→ **Exercise directions**: From the data below, copy out every line in which the word "Toritama" occurs.

→ **Given information**:
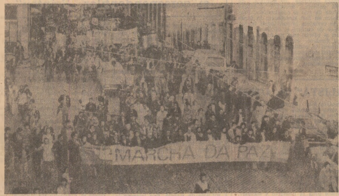
În principalele orașe ale Portugaliei s-au desfășurat recent marșuri ale păcii, în cadrul cărora participanții s-au pronunțat împotriva amplasării de rachete nucleare cu rază medie de acțiune în Europa, pentru oprirea cursei înarmării și înlăturarea dezarmării. Fotografia înfățișează un aspect din timpul marșului păcii desfășurat la Lisabona
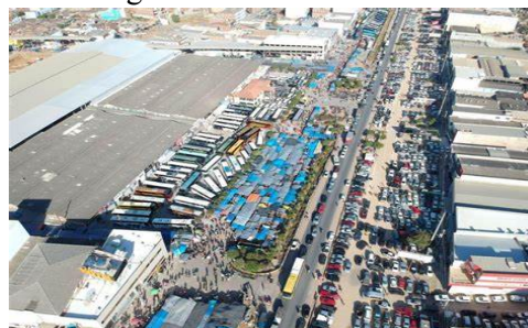
Imagem – 1 A feira de Toritama

Trago a essa discussão o intermédio de dois deles, a iniciativa privada e o estado na esfera municipal, o cerne da questão exemplifica-se na realidade da cidade de Toritama – PE, onde ambos os agentes andaram provocando várias mudanças na paisagem urbana. A exemplo da mudança incentivada pelo executivo de tirar os feirantes da frente do polo, e serem realocados para outros lugares, conforme a imagem 1 e 2 retrata a seguir.

→ **Solution to this exercise**:
Imagem – 1 A feira de Toritama
Trago a essa discussão o intermédio de dois deles, a iniciativa privada e o estado na esfera municipal, o cerne da questão exemplifica-se na realidade da cidade de Toritama – PE, onde ambos os agentes andaram provocando várias mudanças na paisagem urbana. A exemplo da mudança incentivada pelo executivo de tirar os feirantes da frente do polo, e serem realocados para outros lugares, conforme a imagem 1 e 2 retrata a seguir.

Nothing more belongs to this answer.